What is more, China has hastened to puncture the balloon of Indian hyper-nationalism by stating categorically that while Indian troops have already withdrawn from the disputed area, this fulfilling China’s precondition for a stand down, Chinese troops will “continue fulfilling [China’s] sovereign rights to safeguard territorial sovereignty in compliance with the stipulations of the border-related historical treaty.”

What, then, is the compromise that has enabled both countries to back off?  Could it be that the two sides have reached an understanding on the one subject that neither country has mentioned in its statements – the road that China was building towards the Doklam plateau. Or that there is no agreement on this issue at all but that both sides thought it best to end the standoff anyway. If this is so, then Monday’s redeployment is neither a victory nor a defeat for either country. It is, at best, a draw.


Also read: The Bhutan Stand-Off Is an Opportunity, Not a Threat


Only time will tell whether this surmise is correct, but what cannot be denied is that the Chinese have seen the full extent of India’s  paranoia about the vulnerability of the Chicken’s Neck stretch of territory between Bangladesh and Sikkim and will not hesitate to use it in future to put pressure upon New Delhi when the need arises. On the other hand, should Delhi ever overcome it, Nathu La can become a major asset in building a durable relationship of mutual benefit with China.

The first step in overcoming India’s paranoia is for Delhi to recognise that the vulnerability of the Chicken’s Neck is a cartographic illusion that has been taken advantage of by armchair strategists to create their stock-in-trade – fear. To start with, Nathu La is at an altitude of 4310 metres, almost 14,500 feet above sea level and is snow-bound for at least four months of the year.

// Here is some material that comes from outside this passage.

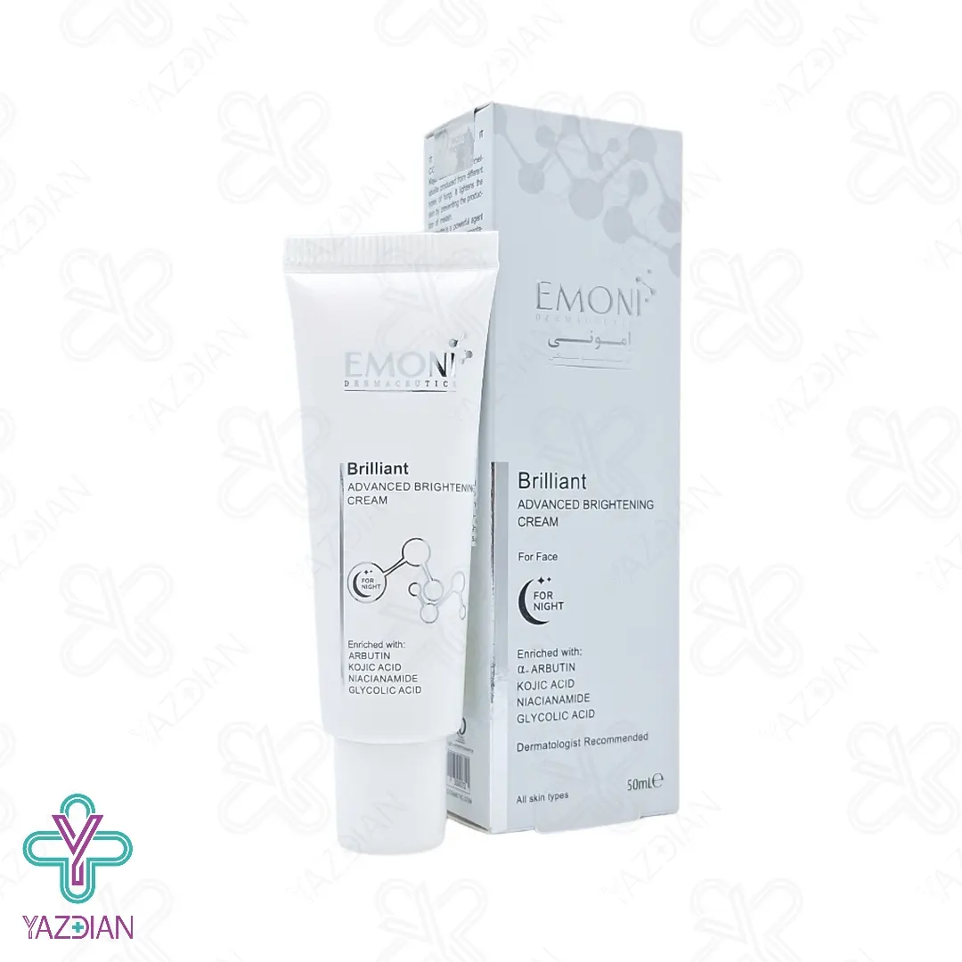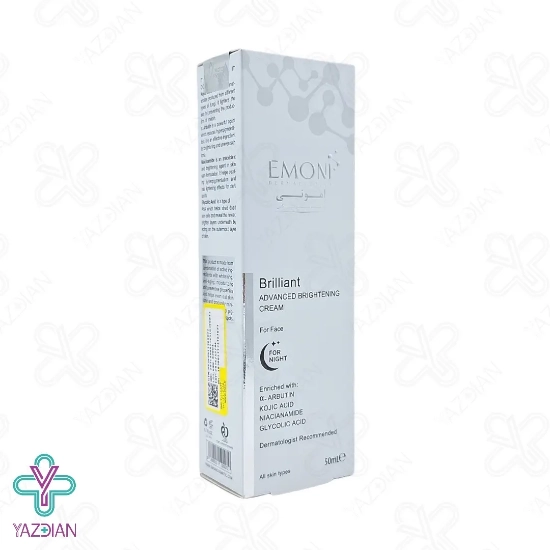 کرم ضد لک شب برلیانت امونی - 50 میلی لیتر (Emoni Brilliant Advanced Brightening Cream ۵۰ Ml) یک کرم ضد لک قوی می باشد که از بین برنده نقاط تیره پوست می باشد که پوست را صاف، یک دست و بی نقص نشان می دهد. بعلاوه خاصیت مرطوب کنندگی نیز داشته و از خشکی و دهیدراته شدن پوست جلوگیری می کند. با توجه به این که کرم ضد لک شب برلیانت امونی طراحی شده برای استفاده در شب می باشد، طی شب پوست را ترمیم و بازسازی می کند.

This means that any force that crosses it to the Indian side, runs the risk of getting stuck there for up to four months at the mercy of whatever India chooses to throw at it.

Second, the Chicken’s Neck itself is not all that narrow – its narrowest part is actually between Nepal and Bangladesh and that is more than 200 km as the crow flies, from Nathu La.

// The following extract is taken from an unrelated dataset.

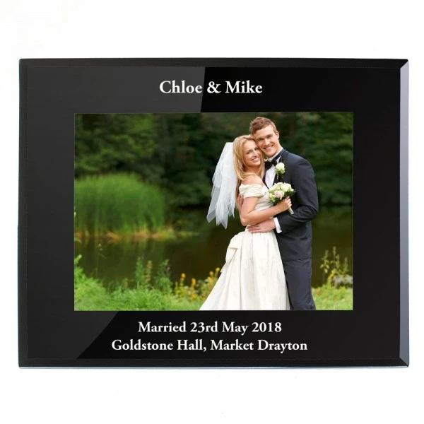 Personalise this Landscape Black Glass Frame with a line above the photo of 25 characters, and two lines below the photo of 30 characters each.

Third, the distance from Nathu La to Kalimpong on the West Bengal border is 136 kms and an estimated five hours in a passenger car. There are innumerable bridges, culverts and tunnels on this road that can easily be blown up. So how would an invading force from China be able to get to the Chicken’s Neck in the first place and how would it maintain its supply lines?

The alarmists’ memories are also extremely short. In the early 1980s, it was India that drove the Chinese out of the Chumbi valley, using its newly acquired Bofors guns to fire over the Himalayan ridges down into it from distances of 40 kms and more. India is far stronger now than it was in the ’80s and China has far more to lose in the Chumbi valley, which has become a hub of economic activity after it became a rail head, than it had 30 years ago. If anything, China has had more to fear from the worsening of relations between it and India, than India does.

Today, the Doklam standoff has opened a route to the resolution of the long simmering Himalayan border dispute that had been closed by the failure of Chinese premier Chou Enlai to establish common ground with Jawaharlal Nehru during his visit to India in 1960 and the 1962 war. For to establish the illegality of India’s incursion into Doklam, it has emphasised its acceptance (in the 1890 treaty) of the watershed principle of boundary demarcation that was the basis, however hastily and casually delineated, of the MacMahon line. By re-opening this possibility within a framework of increased intra-BRICS cooperation at Xiamen next week, Narendra Modi can turn the present draw into victory for both countries. Whether he has the sagacity to do so remains to be seen.

Prem Shankar Jha is a senior journalist and the author of several books including Crouching Dragon, Hidden Tiger: Can China and India Dominate the West?